* DATA TO USE
BEGIN

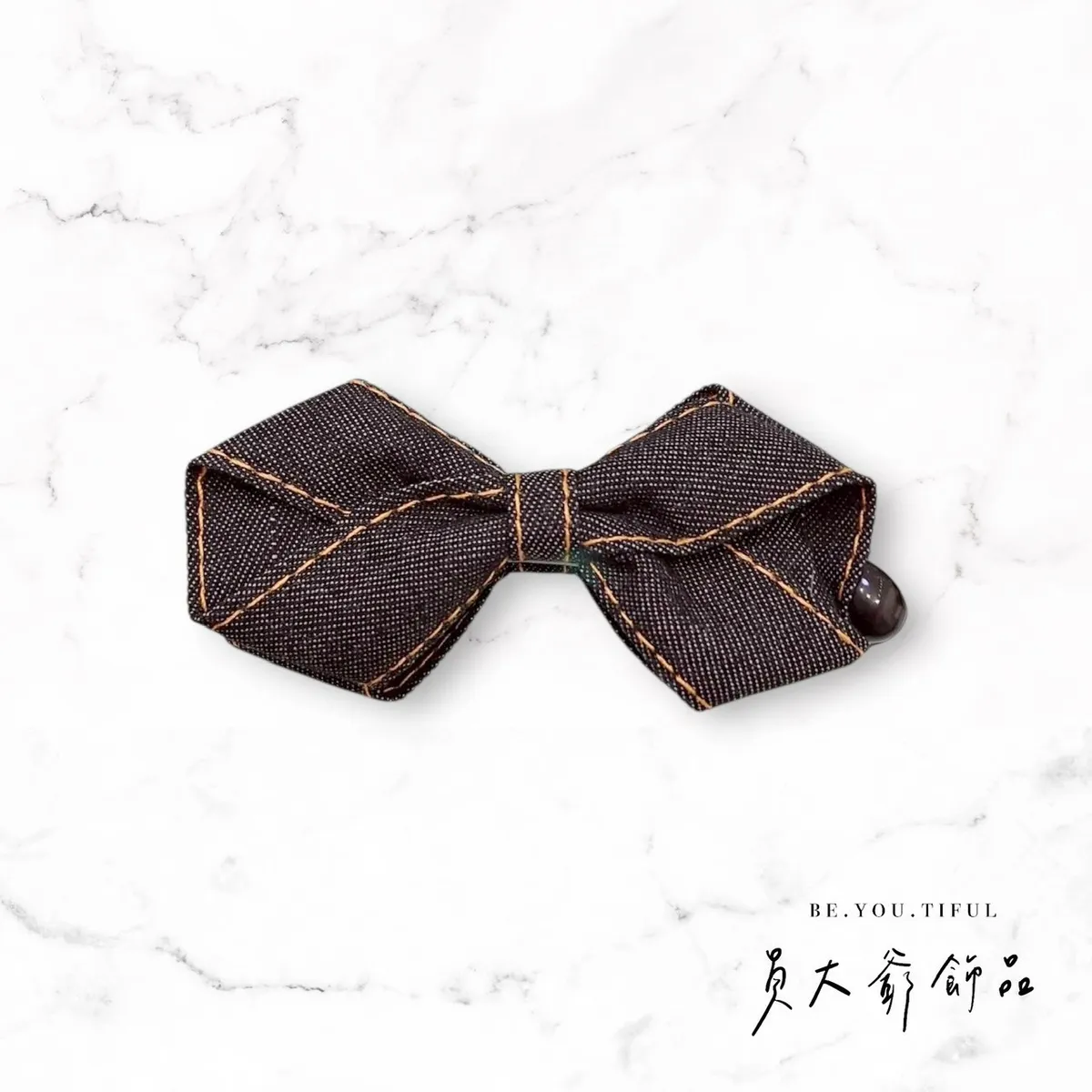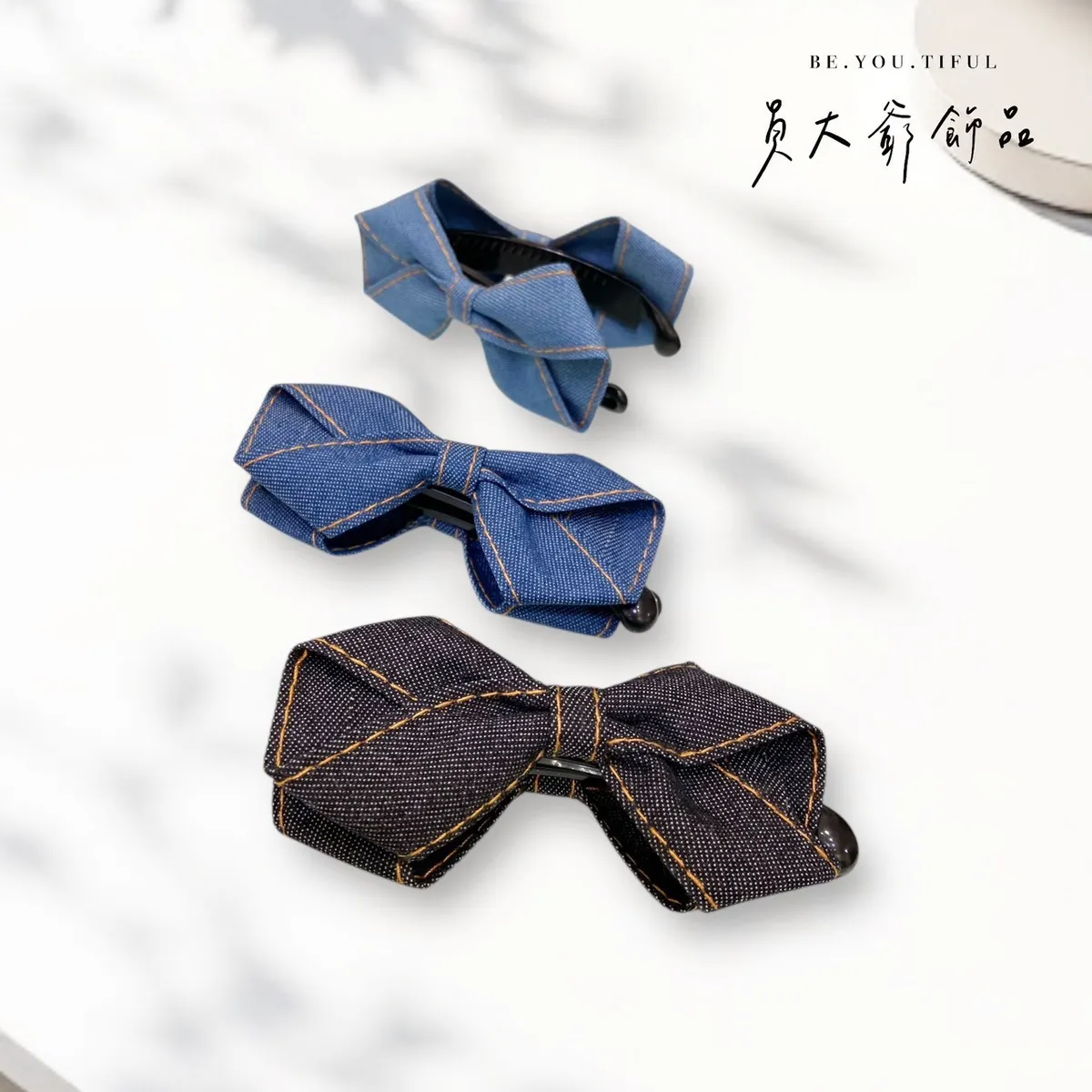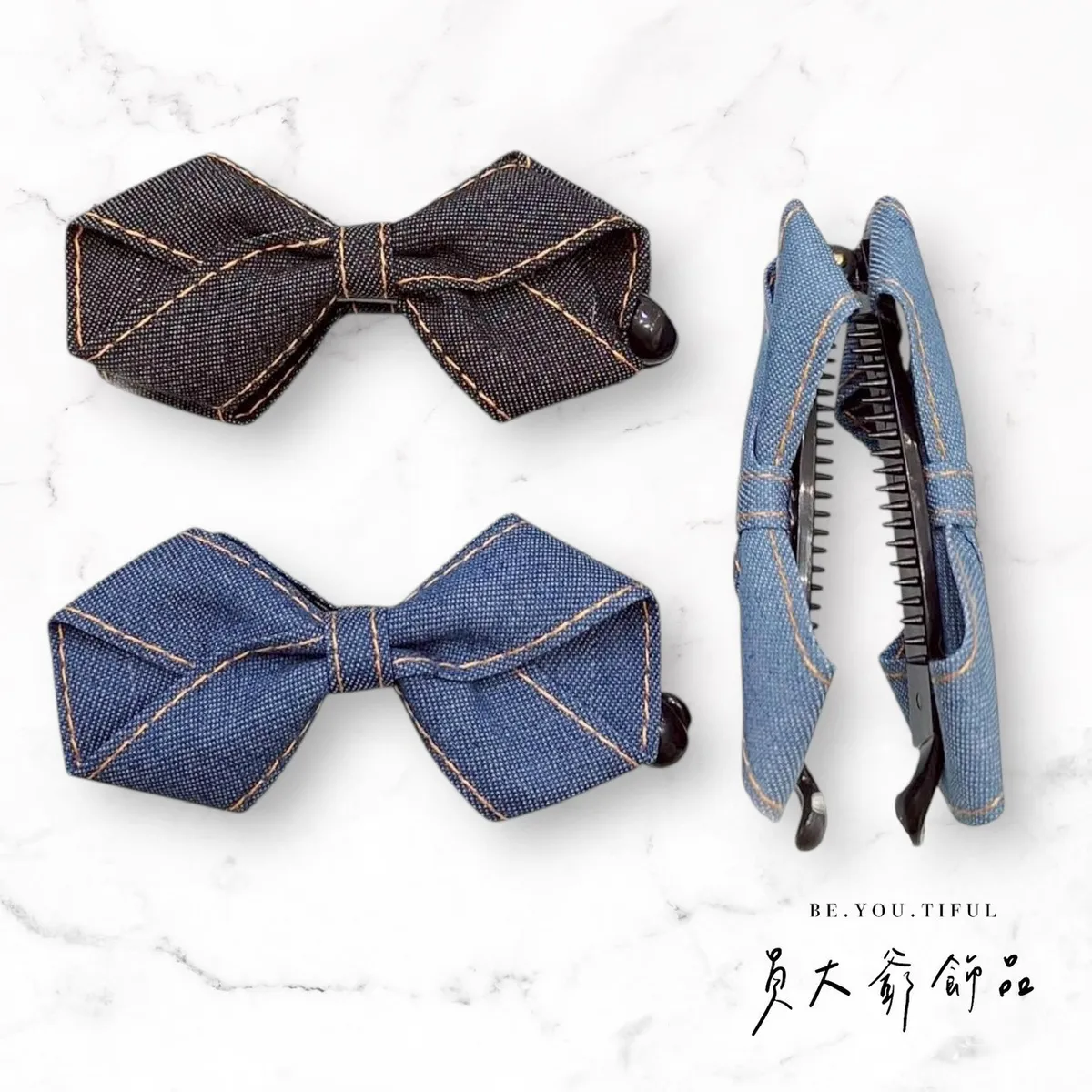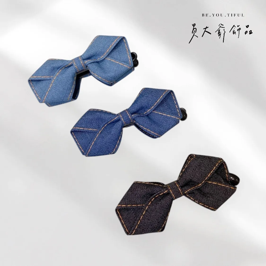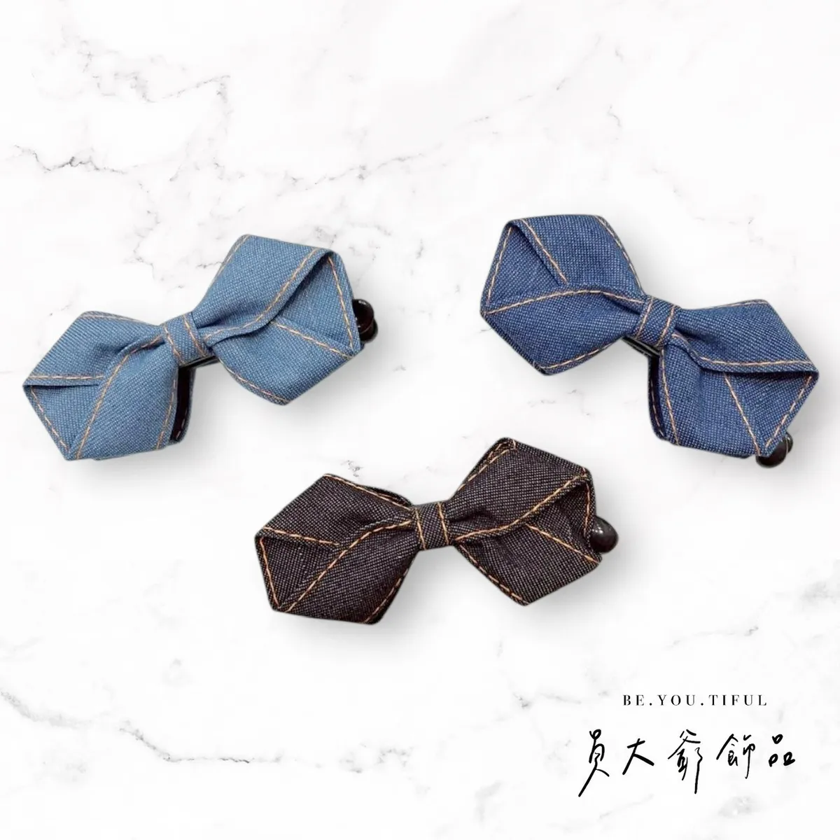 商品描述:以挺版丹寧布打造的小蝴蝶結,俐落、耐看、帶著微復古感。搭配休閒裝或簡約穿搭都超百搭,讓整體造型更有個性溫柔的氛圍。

END
BEGIN

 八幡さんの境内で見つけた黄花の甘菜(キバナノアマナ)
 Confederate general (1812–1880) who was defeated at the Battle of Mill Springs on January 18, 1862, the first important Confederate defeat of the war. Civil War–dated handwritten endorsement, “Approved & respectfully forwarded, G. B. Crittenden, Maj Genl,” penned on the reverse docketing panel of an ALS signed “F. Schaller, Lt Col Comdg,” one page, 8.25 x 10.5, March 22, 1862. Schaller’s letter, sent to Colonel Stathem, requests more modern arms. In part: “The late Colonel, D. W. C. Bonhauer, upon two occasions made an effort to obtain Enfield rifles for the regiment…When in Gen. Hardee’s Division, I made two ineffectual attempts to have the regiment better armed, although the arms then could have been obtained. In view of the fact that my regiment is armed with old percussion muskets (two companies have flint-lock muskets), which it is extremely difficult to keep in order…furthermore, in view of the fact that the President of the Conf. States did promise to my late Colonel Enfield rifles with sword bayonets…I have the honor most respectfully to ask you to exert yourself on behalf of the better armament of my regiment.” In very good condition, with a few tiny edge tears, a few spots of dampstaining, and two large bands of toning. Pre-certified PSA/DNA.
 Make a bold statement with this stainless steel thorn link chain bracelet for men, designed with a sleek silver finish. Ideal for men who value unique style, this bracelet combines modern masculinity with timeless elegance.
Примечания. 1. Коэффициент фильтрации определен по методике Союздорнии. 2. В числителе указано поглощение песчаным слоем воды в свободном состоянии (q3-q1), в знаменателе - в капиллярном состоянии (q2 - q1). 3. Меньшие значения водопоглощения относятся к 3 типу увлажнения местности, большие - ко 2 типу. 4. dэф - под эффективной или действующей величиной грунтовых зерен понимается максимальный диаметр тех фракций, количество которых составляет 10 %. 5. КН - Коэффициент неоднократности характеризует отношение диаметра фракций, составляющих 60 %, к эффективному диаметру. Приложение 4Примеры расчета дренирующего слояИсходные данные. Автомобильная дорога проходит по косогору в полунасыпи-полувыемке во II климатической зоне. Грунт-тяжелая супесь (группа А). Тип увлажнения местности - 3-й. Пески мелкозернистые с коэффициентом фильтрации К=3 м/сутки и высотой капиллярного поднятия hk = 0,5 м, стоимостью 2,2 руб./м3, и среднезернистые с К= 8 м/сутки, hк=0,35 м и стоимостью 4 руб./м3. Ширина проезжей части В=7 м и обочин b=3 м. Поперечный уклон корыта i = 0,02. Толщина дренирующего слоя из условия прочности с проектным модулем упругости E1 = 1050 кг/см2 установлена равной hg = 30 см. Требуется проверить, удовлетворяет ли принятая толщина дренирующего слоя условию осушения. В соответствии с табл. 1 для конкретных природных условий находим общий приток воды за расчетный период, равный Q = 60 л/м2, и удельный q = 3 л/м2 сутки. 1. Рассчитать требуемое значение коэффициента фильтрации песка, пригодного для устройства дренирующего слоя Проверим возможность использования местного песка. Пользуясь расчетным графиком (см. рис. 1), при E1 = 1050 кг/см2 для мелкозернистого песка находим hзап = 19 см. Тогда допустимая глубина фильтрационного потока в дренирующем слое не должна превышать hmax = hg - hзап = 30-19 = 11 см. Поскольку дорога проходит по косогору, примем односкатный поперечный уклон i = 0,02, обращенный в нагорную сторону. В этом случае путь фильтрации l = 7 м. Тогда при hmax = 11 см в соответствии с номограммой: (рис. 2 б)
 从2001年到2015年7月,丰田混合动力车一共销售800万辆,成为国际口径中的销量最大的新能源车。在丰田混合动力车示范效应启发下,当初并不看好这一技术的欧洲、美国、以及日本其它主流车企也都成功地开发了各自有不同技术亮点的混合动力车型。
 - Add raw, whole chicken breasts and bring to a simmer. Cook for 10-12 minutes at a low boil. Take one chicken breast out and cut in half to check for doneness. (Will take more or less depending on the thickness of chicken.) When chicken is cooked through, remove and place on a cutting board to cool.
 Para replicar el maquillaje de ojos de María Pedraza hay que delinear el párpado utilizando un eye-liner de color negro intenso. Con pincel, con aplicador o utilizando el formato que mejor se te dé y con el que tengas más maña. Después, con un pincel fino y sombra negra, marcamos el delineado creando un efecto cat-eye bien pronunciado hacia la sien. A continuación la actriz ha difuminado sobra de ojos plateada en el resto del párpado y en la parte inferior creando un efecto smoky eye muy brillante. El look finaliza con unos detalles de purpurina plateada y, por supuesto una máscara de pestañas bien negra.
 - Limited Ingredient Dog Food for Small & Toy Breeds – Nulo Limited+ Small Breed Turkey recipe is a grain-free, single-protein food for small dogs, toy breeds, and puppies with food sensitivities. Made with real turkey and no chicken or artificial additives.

END

* WHAT TO PRODUCE
Please reproduce, exactly as they appear above, the lines from the line containing "从2001年到2015年7月" up to and including the line containing "- Add raw, whole".

* PROBLEM SOLUTION
 从2001年到2015年7月,丰田混合动力车一共销售800万辆,成为国际口径中的销量最大的新能源车。在丰田混合动力车示范效应启发下,当初并不看好这一技术的欧洲、美国、以及日本其它主流车企也都成功地开发了各自有不同技术亮点的混合动力车型。
 - Add raw, whole chicken breasts and bring to a simmer. Cook for 10-12 minutes at a low boil. Take one chicken breast out and cut in half to check for doneness. (Will take more or less depending on the thickness of chicken.) When chicken is cooked through, remove and place on a cutting board to cool.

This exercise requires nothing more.